I'm doing quite well, except that there's so much going on in my life that my head is spinning. After soccer ends for the girls, things should slow down. A bit. I'm feeling a bit anxious about this weekend because I have: a chili cookoff to attend tonight; an all-day scrapbooking event tomorrow (always lots of unhealthy food), followed by a dinner out with T's siblings and spouses; and our annual block party on Sunday (everyone is supposed to bring an apple or pumpkin dish for the cookoff). It's an all food all the time weekend. I've been feeling so great that I don't want to freak out and make this a horrible weekend. So, I'm not going to. I'm going to eat mindfully and stop before I have that "too full" feeling. So it won't be such healthy fare. It's one weekend out of my life. Tune in Monday to see how I did.
I saw my therapist this week, and she's happy with my progress. Her only assignment for me is to work on stopping my irrational thoughts sooner. I shall endeavor to complete my assignment well.
Last weekend was a very full one with little down time (always a trigger for me) . As I sat down to pay bills (also always a trigger for me), I started to feel the urge to binge. At first I was so distracted by the desire that I couldn't concentrate on what I was doing. I paced around a bit, trying to soothe myself with little success. Finally, I got a little snack packet of cookies to sit down with and decided that I would ride out my urge. I reasoned that it couldn't possibly last forever. As I got involved in paying the bills, it was still there but I ignored it. When I finished, I wavered as I stood in the kitchen putting the leftover detritus in the recycling bag. I reminded myself that I was riding it out and went upstairs to get ready for bed. After I did my bedtime routine and got into bed to read for a bit, I realized that the urge had lessened. It didn't really completely go away before I went to sleep, but wasn't there any longer in the morning. It was really an empowering feeling to know that I'd faced the urge and beaten it without escaping the house on my bike or on foot. I stayed right there and didn't give in.
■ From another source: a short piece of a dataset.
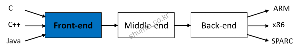구조는 크게 front-end, middle-end, back-end로 나뉜다.

I had never really thought about why sitting down to pay bills is a trigger for me until I read this in Karen Koenig's blog and it struck a chord with me...
there's the anxiety response from childhood which "makes" you turn to food. Because you know exactly when the munchies will hit, prepare yourself. Recognize that the appointed hour will come and you'll want to eat. Plan to do something else, either distracting or comforting or both. Anticipate that you'll have mega-anxiety and reframe your beliefs to help you ride it out. If someone trustworthy is around, enlist their help in getting you through the anxiety without eating. If you have feelings connected to the anxiety, write them out or cry or scream. Talk yourself through the moment. You reinforce your "need" for food every time you eat out of anxiety and move toward extinguishing the behavior every time you resist it.
I remember watching my mother pay the bills and worrying so over every penny. She used to have to juggle things to have enough to cover everything. Making her grocery list involved also listing the price of each food next to its name so that she knew exactly how much the bill would be. It was very anxiety-producing to watch her go through this ordeal week after week. I think that even though we have enough money to pay our bills every month, I still worry that I will end up like my mom. There was so little money that having something break was a major trauma. There was a very odd time that she rationed toilet paper to us and told us that when we ran out we'd have to use newspaper. Then there was the time she discovered someone had left a radio on all night. She took away everything we had that used electricity, including our light bulbs, because she wanted to prove to us how much we were wasting. That was the reality of my childhood.